Hi! I'm the autofix.ci troubleshooter bot.
It looks like you correctly set up a CI job that uses the autofix.ci GitHub Action, but the autofix.ci GitHub App has not been installed for this repository. This means that autofix.ci unfortunately does not have the permissions to fix this pull request. If you are the repository owner, please install the app and then restart the CI workflow! 😃
@laipz8200 how to trigger the above test workflow? It seems to have been stuck for days.
Hi @xinlmain, you can run unittests by using dev/pytest/pytest_unit_tests.sh
Hi @xinlmain, you can run unittests by using
dev/pytest/pytest_unit_tests.sh
@laipz8200 Thanks, I finally got it all passed…… Please help trigger the test workflow again, appreciate so much for your patience!

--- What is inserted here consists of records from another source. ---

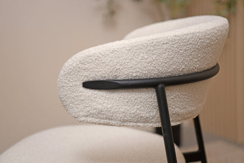 - 【Tecido Boucle】As cadeiras são confeccionadas em tecido boucle, o que dá uma sensação de calor e tranquilidade e torna o tecido durável e resistente ao desgaste. Esse recurso garante que as cadeiras sejam confortáveis e fáceis de usar, ao mesmo tempo que são duráveis.
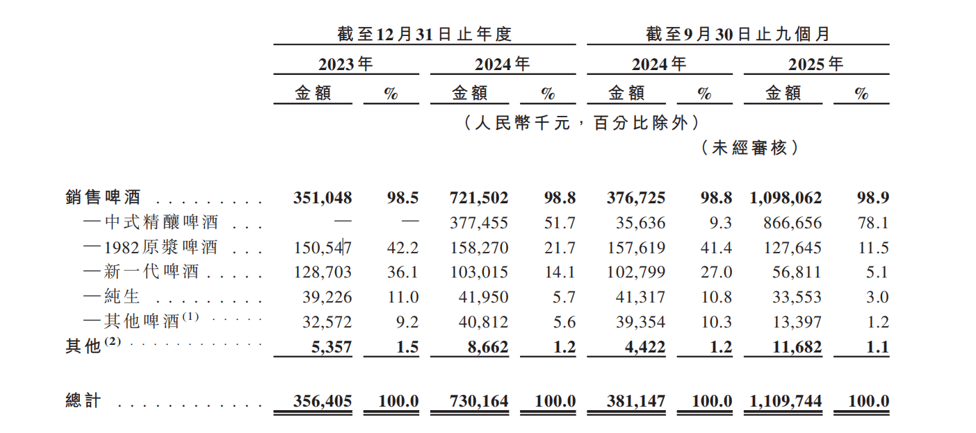 2024年开始,公司进入业绩爆发期。2023-2024年及2025年前三季度,公司分别收入3.6亿元、7.3亿元及11.1亿元,净利润分别1220万元、1.3亿元、3.1亿元,2024年营收同比翻一倍,净利润增长逾9倍;2025年前三季度收入继续增长近两倍,利润增长超过11倍。截至2025年三季度末,中式精酿啤酒贡献近八成营收,而上年同期仅不到10%。
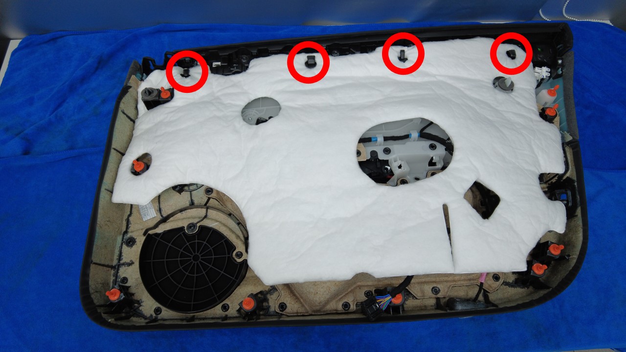 松开 NVH 垫锁片(4 个),将 NVH 垫从车门面板上拆下。
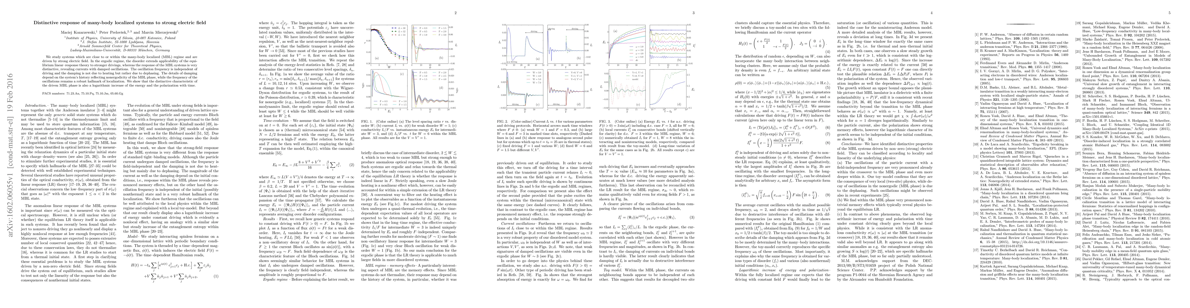We study systems which are close to or within the many-body localized (MBL) regime and are driven by strong electric field. In the ergodic regime, the disorder extends applicability of the equilibrium linear--response theory to stronger drivings, whereas the response of the MBL systems is very distinctive, revealing currents with damped oscillations. The oscillation frequency is independent of driving and the damping is not due to heating but rather due to dephasing. The details of damping depend on the system's history reflecting nonergodicity of the MBL phase, while the frequency of the oscillations remains a robust hallmark of localization. We show that the distinctive characteristic of the driven MBL phase is also a logarithmic increase of the energy and the polarization with time.
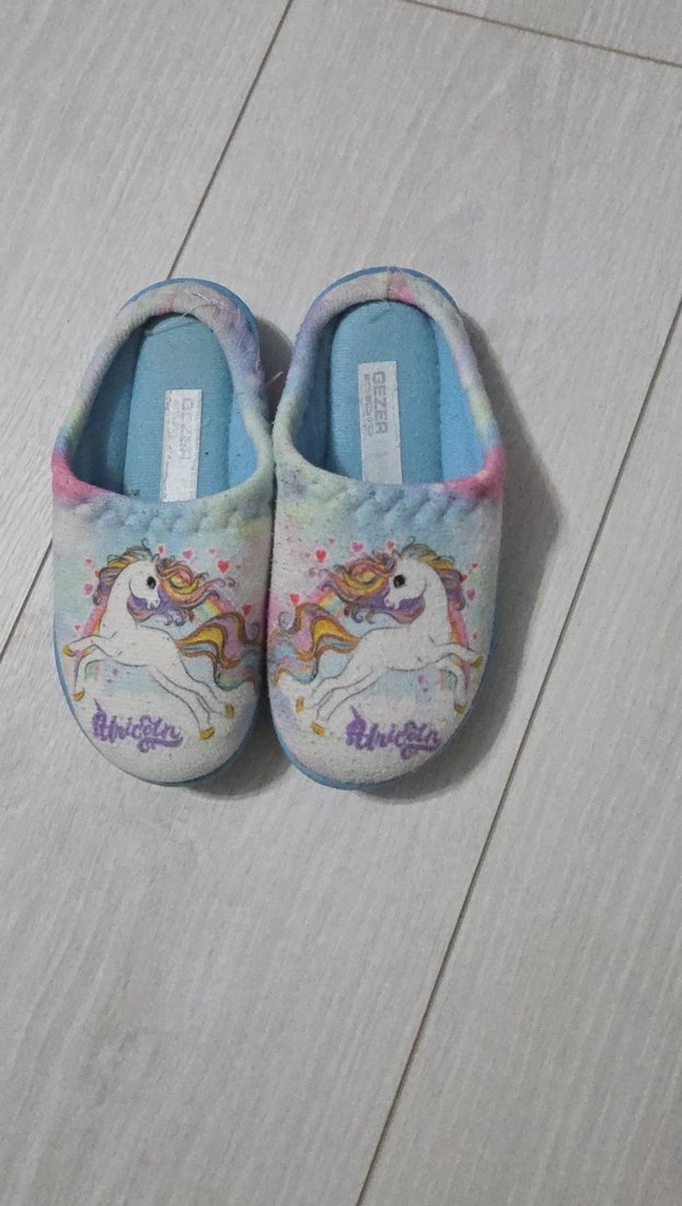 Yumuşak kumaştan, pastel tonlarda batik desenli, unicorn baskılı kız çocuk ev terliği. Kolay kullanımlı cırt cırtlı bantlıdır.
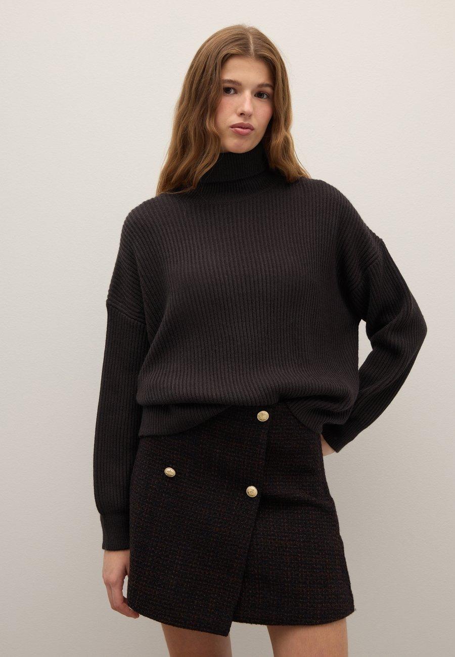 Черный свитер с высоким воротником от Piombo идеально подходит для того, чтобы стильно и комфортно пережить самые холодные дни. Изготовленный из комбинированных материалов, он обеспечивает отличную посадку благодаря трикотажной вязке. Стандартная длина и длинные рукава делают его идеальным для создания изысканного, вневременного образа. Сочетайте его с любимыми вещами для безупречного осенне-зимнего образа. Вырез: ХенлиМатериал и уход
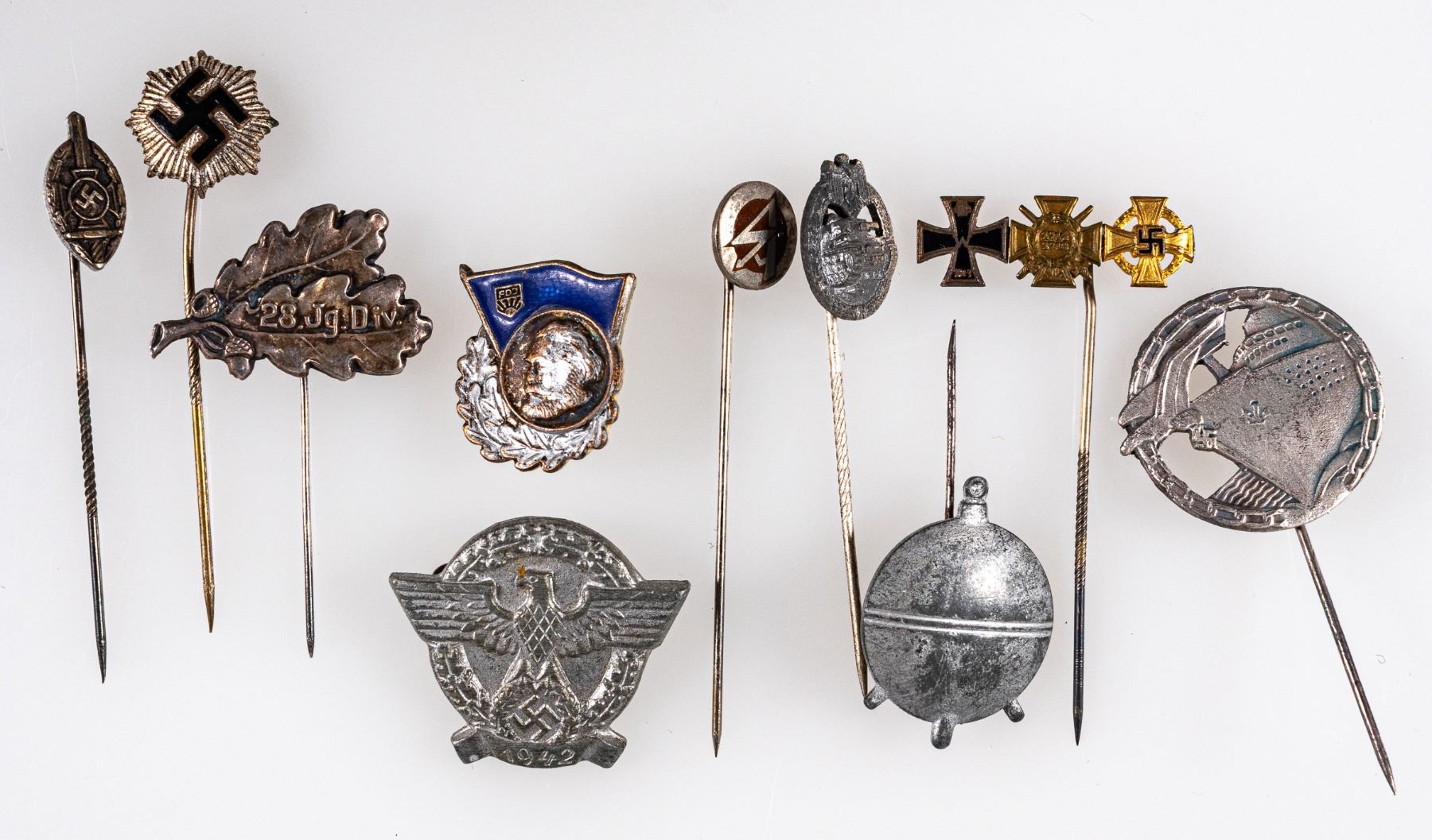 Lot of ten pins of SA, 28th Jager Division, Kriegsmarine, and miniature medals. Sold as-is.

@laipz8200 Comments resolved. Now it looks a bit like the original in-memory repo, with an async celery path. Please help with the review, very much appreciated!
Thank you. I'll do some tests later.
@laipz8200 Hope you are doing well! How is the test going? We're kind of waiting for this PR before upgrading to the latest version.
@laipz8200 resolved conflicts, all clear now. Please help with the merge, thank you!
@laipz8200 I'm back with some feedback 🤦🏻♀️
Using the celery repository we occasionally get assert exception here:
def workflow_finish_to_stream_response(
self,
*,
session: Session,
task_id: str,
workflow_execution: WorkflowExecution,
) -> WorkflowFinishStreamResponse:
created_by = None
workflow_run = session.scalar(select(WorkflowRun).where(WorkflowRun.id == workflow_execution.id_))
**assert workflow_run is not None**
My guess is that as the writing of WorkflowRun is asynchronous, reading from DB at the end of the api session cannot be guaranteed. If that's true, should we modify this method to fit this situation?
@laipz8200 I'm back with some feedback 🤦🏻♀️
Using the celery repository we occasionally get assert exception here:
def workflow_finish_to_stream_response( self, *, session: Session, task_id: str, workflow_execution: WorkflowExecution, ) -> WorkflowFinishStreamResponse: created_by = None workflow_run = session.scalar(select(WorkflowRun).where(WorkflowRun.id == workflow_execution.id_)) **assert workflow_run is not None**My guess is that as the writing of WorkflowRun is asynchronous, reading from DB at the end of the api session cannot be guaranteed. If that's true, should we modify this method to fit this situation?
I implemented a fix that removes the dependency of DB: https://github.com/langgenius/dify/pull/24674
Why did the speed slow down during my test? Is there a specific performance test report?
Celery based repositories were not enabled by default in 1.8.1 release?